Keep B18C5 or sell it for a B20vtec?
hi guys,
I've bought a DC2 ITR which comes with the B18C5 engine. My plan was to sleeve the block, run 86 x 87.2 to net a 2ltr setup. But i have been giving it alittle thought lately about selling my entire engine and sleeve a b20 instead. It will probably be cheaper to do that.
Just want your opinions? I need to know if the positive attributes of the B18C5's block over the B20b would have been lost since i plan to resleeve it anyways? And yes ofcourse, the b20b will be using a 89mm stroke, but are there any other important facts that i've missed out? Thanks guys.

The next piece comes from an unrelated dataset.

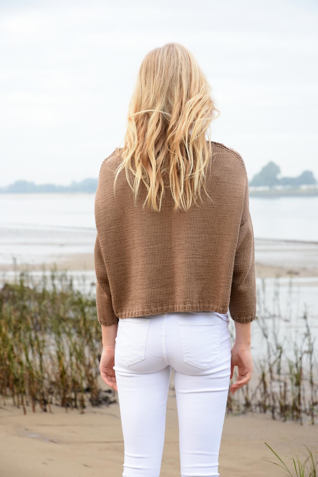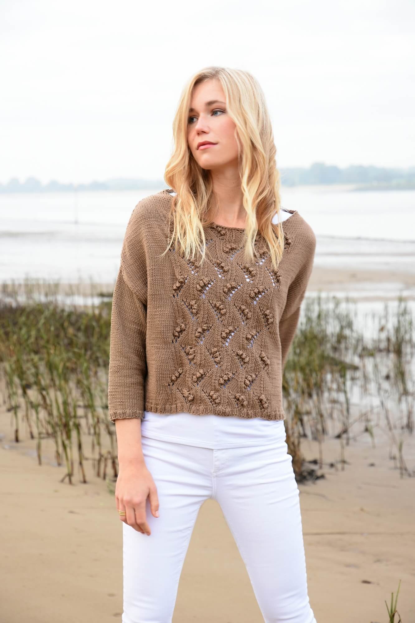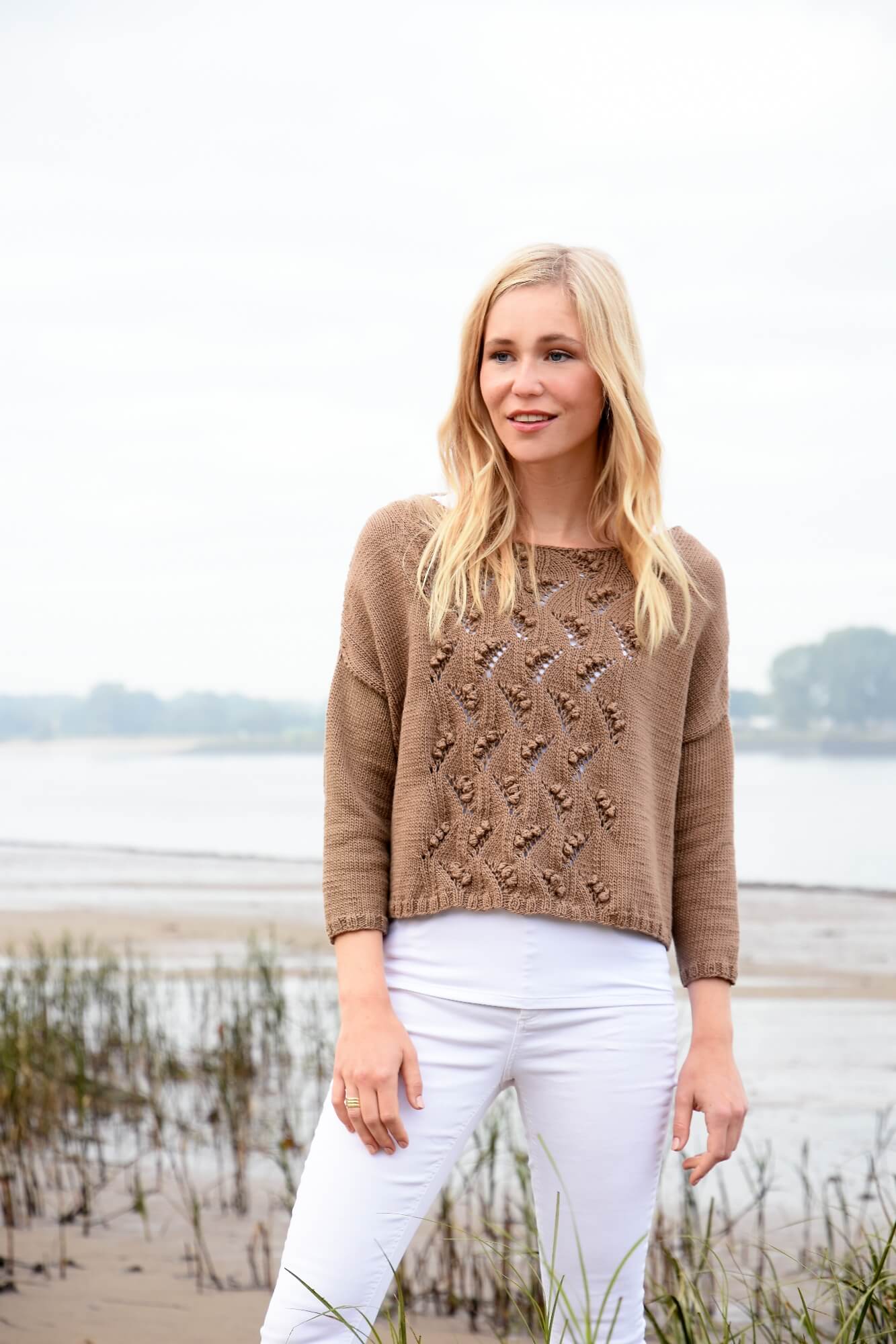 Pullover Mia hat einen oversized, kastigen Schnitt und wirkt durch die Rippenbündchen sportlich. Das Besondere an diesem Modell ist das Lochmuster im Vorderteil.

I've bought a DC2 ITR which comes with the B18C5 engine. My plan was to sleeve the block, run 86 x 87.2 to net a 2ltr setup. But i have been giving it alittle thought lately about selling my entire engine and sleeve a b20 instead. It will probably be cheaper to do that.

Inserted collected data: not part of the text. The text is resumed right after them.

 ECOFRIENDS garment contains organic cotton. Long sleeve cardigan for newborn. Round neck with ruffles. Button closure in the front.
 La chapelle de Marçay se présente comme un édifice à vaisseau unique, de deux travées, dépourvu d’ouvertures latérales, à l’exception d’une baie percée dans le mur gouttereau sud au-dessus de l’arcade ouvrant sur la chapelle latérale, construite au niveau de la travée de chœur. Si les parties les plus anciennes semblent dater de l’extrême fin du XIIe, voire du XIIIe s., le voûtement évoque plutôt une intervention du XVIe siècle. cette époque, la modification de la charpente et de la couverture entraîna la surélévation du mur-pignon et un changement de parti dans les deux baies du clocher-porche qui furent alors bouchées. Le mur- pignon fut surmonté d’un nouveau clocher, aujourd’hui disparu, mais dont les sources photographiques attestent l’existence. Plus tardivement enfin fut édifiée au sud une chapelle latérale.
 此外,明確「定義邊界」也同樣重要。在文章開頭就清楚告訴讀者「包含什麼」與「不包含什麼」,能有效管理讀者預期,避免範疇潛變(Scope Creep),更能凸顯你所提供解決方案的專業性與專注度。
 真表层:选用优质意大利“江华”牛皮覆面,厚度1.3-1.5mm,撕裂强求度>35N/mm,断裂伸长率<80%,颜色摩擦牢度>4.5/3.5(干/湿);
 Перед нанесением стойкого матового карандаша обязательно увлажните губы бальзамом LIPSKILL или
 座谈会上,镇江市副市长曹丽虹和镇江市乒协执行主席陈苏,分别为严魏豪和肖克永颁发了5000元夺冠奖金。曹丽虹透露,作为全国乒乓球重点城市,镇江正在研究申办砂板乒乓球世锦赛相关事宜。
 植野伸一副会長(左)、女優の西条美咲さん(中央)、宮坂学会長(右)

Just want your opinions? I need to know if the positive attributes of the B18C5's block over the B20b would have been lost since i plan to resleeve it anyways? And yes ofcourse, the b20b will be using a 89mm stroke, but are there any other important facts that i've missed out? Thanks guys.

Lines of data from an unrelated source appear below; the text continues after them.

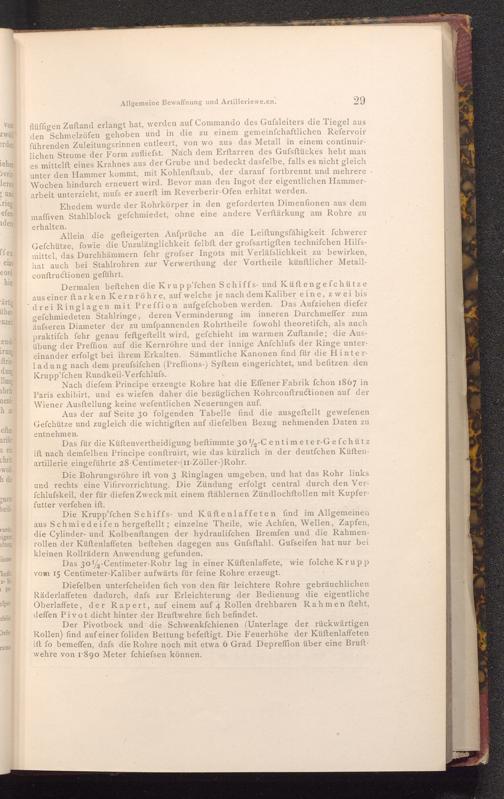Dermalen beftehen die Krup p'fchen Schiffs- und Küft engefchütze aus einer ft arken Kernröhre, auf welche je nach dem Kaliber eine, zwei bis drei Ringlagen mit Preffion aufgefchoben werden. Das Aufziehen diefer gefchmiedeten Stahlringe, deren Verminderung im inneren Durchmeffer zum äufseren Diameter der zu umfpannenden Rohrtheile fowohl theoretifch, als auch praktiſch fehr genau feftgeftellt wird, gefchieht im warmen Zuftande; die Ausübung der Preffion auf die Kernröhre und der innige Anfchlufs der Ringe untereinander erfolgt bei ihrem Erkalten. Sämmtliche Kanonen find für die Hinterladung nach dem preufsifchen( Preffions-) Syftem eingerichtet, und befitzen den Krupp'fchen Rundkeil- Verfchlufs.
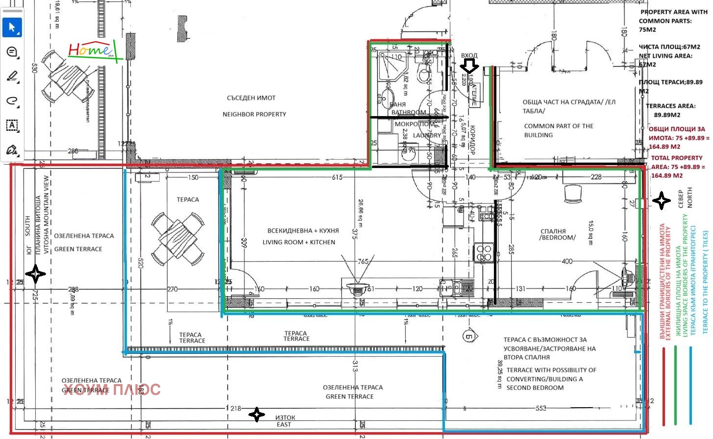 📐 Имотът е с обща площ от 164.91 кв.м., от които 75.02 кв.м. апартамент и впечатляваща тераса от 89.89 кв.м. Разпределението включва антре, просторен хол с кухненски бокс, спалня, баня с тоалетна, мокро помещение и просторни тераси. Изложението е предимно южно, като големите прозорци осигуряват изобилие от естествена светлина и разкриват красива гледка към Витоша. Има възможност за изграждане и обособяване на втора спалня.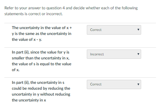 I answered incorrect to this one, because the uncertainty could be either positive or negative. However adding y to x will result in x being increased positively. Therefore, I considered this to be false.
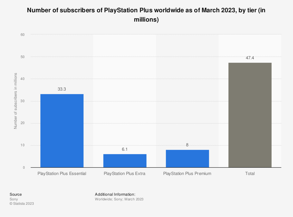截至2023年3月,PlayStation Plus全球各层级用户数量(百万)。数据来源:Statista.com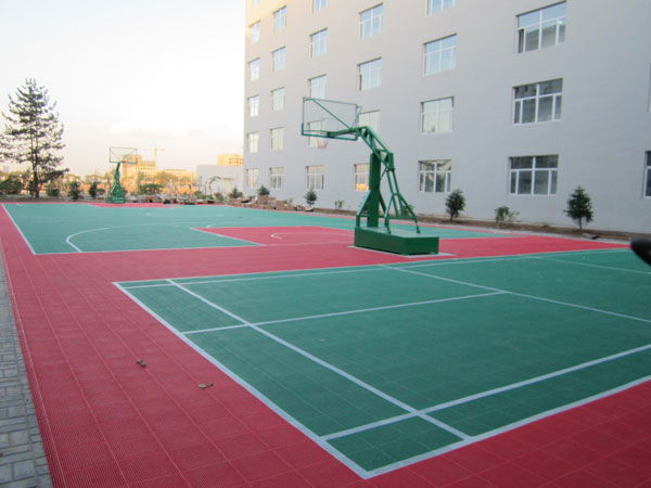 耐用性:該產品所用原料聚丙稀(PP)為高強度材料,加入具有抗紫外線輻射、抗氧化、抗寒等原料的改性聚丙稀,使該產品具有耐壓、耐沖擊、耐高低溫、使用壽命長等優點。耐候性極高,不怕日曬高溫、雨淋潮濕、冰雪嚴寒、永不翹曲剝落變形。沒有氣候地域限制,雨后場地不積水。

I say sleeve the b18c5 for 2 reasons. 1.) You save money because you don't have to buy another block. 2.) You don't have to buy a vtec conversion kit. Of course this is assuming you'd keep your b18c5 block instead of selling it. So you'd be spending a couple hundred or more on a b20 and then another 200 on a GE vtec conversion kit (highly recommended for vtec conversions because of quality and ease). Plus sleeving a b20 completely defeats the purpose of buying one. People buy them because they come from the factory 84mm. I also wouldn't recommend 86mm for a daily driver because the sleeves will be so skinny that if something were to happen to them you might not be able to bore them out anymore.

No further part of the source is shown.